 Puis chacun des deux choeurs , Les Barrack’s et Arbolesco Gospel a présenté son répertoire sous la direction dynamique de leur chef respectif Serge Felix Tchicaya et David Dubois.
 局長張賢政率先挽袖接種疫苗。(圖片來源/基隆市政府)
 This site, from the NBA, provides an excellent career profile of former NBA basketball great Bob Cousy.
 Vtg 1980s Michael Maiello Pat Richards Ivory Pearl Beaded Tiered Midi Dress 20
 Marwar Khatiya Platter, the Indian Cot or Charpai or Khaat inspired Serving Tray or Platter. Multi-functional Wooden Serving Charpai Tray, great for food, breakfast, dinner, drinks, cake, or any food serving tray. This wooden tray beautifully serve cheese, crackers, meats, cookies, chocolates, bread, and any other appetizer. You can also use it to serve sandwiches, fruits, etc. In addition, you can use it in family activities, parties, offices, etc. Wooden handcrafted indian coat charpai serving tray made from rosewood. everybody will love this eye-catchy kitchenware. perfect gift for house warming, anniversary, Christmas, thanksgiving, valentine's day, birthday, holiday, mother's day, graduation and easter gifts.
□ □ □ □ □ □ □
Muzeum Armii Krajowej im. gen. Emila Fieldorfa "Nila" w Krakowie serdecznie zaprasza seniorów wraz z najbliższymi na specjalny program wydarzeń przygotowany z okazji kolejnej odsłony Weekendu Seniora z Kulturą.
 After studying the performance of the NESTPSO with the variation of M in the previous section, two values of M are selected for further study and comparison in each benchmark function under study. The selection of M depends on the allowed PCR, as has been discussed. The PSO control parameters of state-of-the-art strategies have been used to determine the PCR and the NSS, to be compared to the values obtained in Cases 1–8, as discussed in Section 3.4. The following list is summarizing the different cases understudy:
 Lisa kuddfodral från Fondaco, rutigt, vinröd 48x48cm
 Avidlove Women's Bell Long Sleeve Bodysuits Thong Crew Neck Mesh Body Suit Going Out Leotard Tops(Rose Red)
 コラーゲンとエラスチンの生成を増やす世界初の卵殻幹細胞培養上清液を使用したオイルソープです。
□ □ □ □ □ □ □
> **Task directions**
Looking at the entries above, can you reproduce exactly the lines from the one that holds "Lisa kuddfodral från" through the one that holds "コラーゲンとエラスチンの生成", and only those?

> **Exercise result**
 Lisa kuddfodral från Fondaco, rutigt, vinröd 48x48cm
 Avidlove Women's Bell Long Sleeve Bodysuits Thong Crew Neck Mesh Body Suit Going Out Leotard Tops(Rose Red)
 コラーゲンとエラスチンの生成を増やす世界初の卵殻幹細胞培養上清液を使用したオイルソープです。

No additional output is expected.